Request shape for the optional multi-reference path:

1[
2 {
3 "type": "image_url",
4 "image_url": { "url": "https://your-domain.example/character-front.jpg" }
5 },
6 {
7 "type": "image_url",
8 "image_url": { "url": "https://your-domain.example/character-side.jpg" }
9 },
10 {
11 "type": "image_url",
12 "image_url": { "url": "https://your-domain.example/style-reference.jpg" }
13 }
14]

Step 4: Poll and download

After submission, poll from a server route, worker, or job runner instead of the browser.

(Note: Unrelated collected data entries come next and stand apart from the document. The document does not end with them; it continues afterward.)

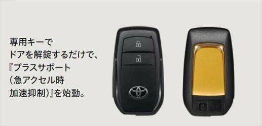 | 詳細 | ※設定:パーキングサポートブレーキ(標準装備・メーカーオプション)付車※ドアを解錠するだけで、プラスサポート(急アクセル時加速抑制)を始動させる専用キー。 障害物の有無にかかわらず、アクセルの踏みすぎや踏み間違いを検知するとクルマの加速を抑制。 警報ブザーとマルチインフォメーションディスプレイ表示でドライバーに注意喚起します。 右左折など加速が必要なシーンでは加速が可能です。 方向指示レバーを操作しないで右左折や車線変更をしたり、ブレーキを踏まない状態から発進するとシステムが作動することがあります。 その場合でも、一度アクセルを離してゆっくり踏みなおすと加速が可能です。 ※色:サテンゴールドサイズ:約L74×W43×H18mm※以下のような時には、プラスサポートにならないことがあります。 ※登録済みの標準スマートキーが車両の近くにある時※通常モードで使用したあと、ドアロックしなかった時※必ずプラスサポート用スマートキーのみが車両の近くおよび車内にある状態でご使用ください。 プラスサポートにならない時はプラスサポート用スマートキーで一度ドアロック後、再度プラスサポート用スマートキーのみを持った状態でアンロックを行ってください。 ※急アクセル時加速抑制機能は自動で停止する機能ではありません。 必ず運転者がブレーキペダルを踏んで停止してください。 ブレーキを制御するシステムではありません。 ※アクセルを速く強く踏み込むような運転をした時に、意図せずシステムが作動することがあります。 ※プラスサポート用スマートキーと標準スマートキーを同時に携帯せず、目的にあった1種類のキーのみを携帯してください。 両方のキーが近くにあると、プラスサポート用スマートキーを判定できず、プラスサポートにならない可能性があります。 また始動時はメーター等でモードの表示を必ずご確認ください。 ※本製品にメカニカルキーは付属していません。 標準スマートキーに付属のメカニカルキーを本製品に差し替えてご使用ください。 ※メカニカルキーが無い状態では、電子キーの電池が切れた時にドアロックを解除できなくなります。 メカニカルキーは追加で購入していただくことも可能です。 お買い上げの販売店にお問い合わせください。 ※自車車速約30km/h以下で作動します。 ※前進および後退時に作動します。 ※植込み型心臓ペースメーカー等の機器をご使用の方は、電波によりそれらの機器に影響を及ぼすおそれがありますので、車両に搭載された発信機から約22cm以内に植込み型心臓ペースメーカー等の機器を近づけないようにしてください。 電波発信を停止することもできますので詳しくは販売店におたずねください。 ※詳しくは販売店におたずねください。 |
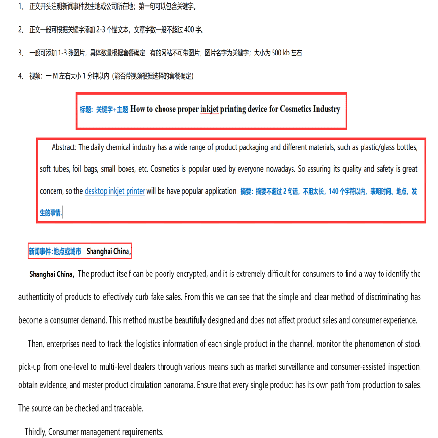 國外媒體的廣告投放不同于國內(nèi)的媒體,請按下面的格式把文檔重新整理后發(fā)給客服,謝謝。內(nèi)容必須是合法、正規(guī);反動、暴力、時事、黃色、醫(yī)療、藥品、保健品等一律不發(fā);稿件發(fā)布時間將在提交廣告內(nèi)容后 須經(jīng)媒體編輯審稿,審稿通過后將在24小時內(nèi)發(fā)布。發(fā)布媒體、發(fā)布內(nèi)容、發(fā)布要求請在下訂單后在廣告發(fā)布后臺進行確認,提交后不能修改。
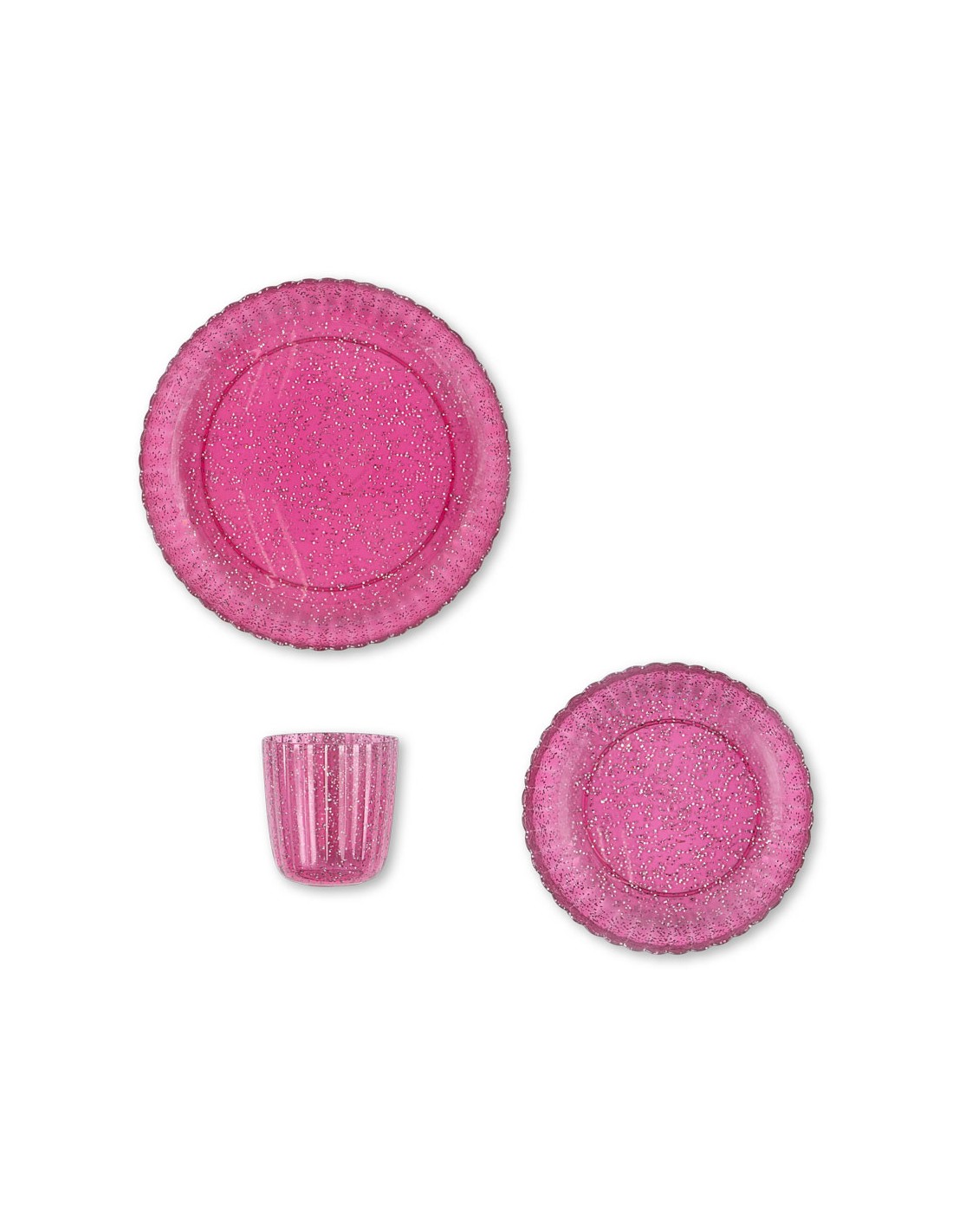 Le set comprend : 1 assiette à rebords, 1 bol, 1 timbale

Keep the flow explicit: poll with a limit, stop on terminal failure, then download the completed video.

Example polling and download helper:

1import { writeFile } from "node:fs/promises";
2
3async function waitForVideo(job) {
4 let current = job;
5
6 for (let attempt = 1; attempt <= 60; attempt += 1) {
7 if (current.status === "completed") {
8 return current;
9 }
10
11 if (current.status === "failed") {
12 throw new Error(current.error ?? "Video generation failed.");
13 }
14
15 if (["cancelled", "expired"].includes(current.status)) {
16 throw new Error(current.error ?? `Video generation ${current.status}.`);
17 }
18
19 await new Promise((resolve) => setTimeout(resolve, 30_000));
20
21 if (!current.polling_url) {
22 throw new Error("Video job did not include a polling_url.");
23 }
24
25 const pollingUrl = new URL(current.polling_url, "https://openrouter.ai");
26 const response = await fetch(pollingUrl, {
27 headers: {
28 Authorization: `Bearer ${apiKey}`,
29 },
30 });
31
32 if (!response.ok) {
33 throw new Error(await response.text());
34 }
35
36 current = await response.json();
37 }
38
39 throw new Error("Video generation did not complete after 60 attempts.");
40}
41
42async function downloadVideo(job) {
43 const videoUrl =
44 job.unsigned_urls?.[0] ??
45 `https://openrouter.ai/api/v1/videos/${job.id}/content?index=0`;
46
47 const response = await fetch(videoUrl, {
48 headers: videoUrl.startsWith("https://openrouter.ai/api/")
49 ? { Authorization: `Bearer ${apiKey}` }
50 : undefined,
51 });
52
53 if (!response.ok) {
54 throw new Error(await response.text());
55 }
56
57 return Buffer.from(await response.arrayBuffer());
58}
59
60const completedJob = await waitForVideo(job);
61const videoBuffer = await downloadVideo(completedJob);
62await writeFile("reference-video.mp4", videoBuffer);
63console.log("Saved reference-video.mp4");

The QA run saved the finished video after polling completed:

Saved reference-video.mp4

Check your work

The output should borrow subject, style, or identity cues from the reference images while still following the generated scene described in the prompt. The implementation should produce a playable MP4 from the completed job.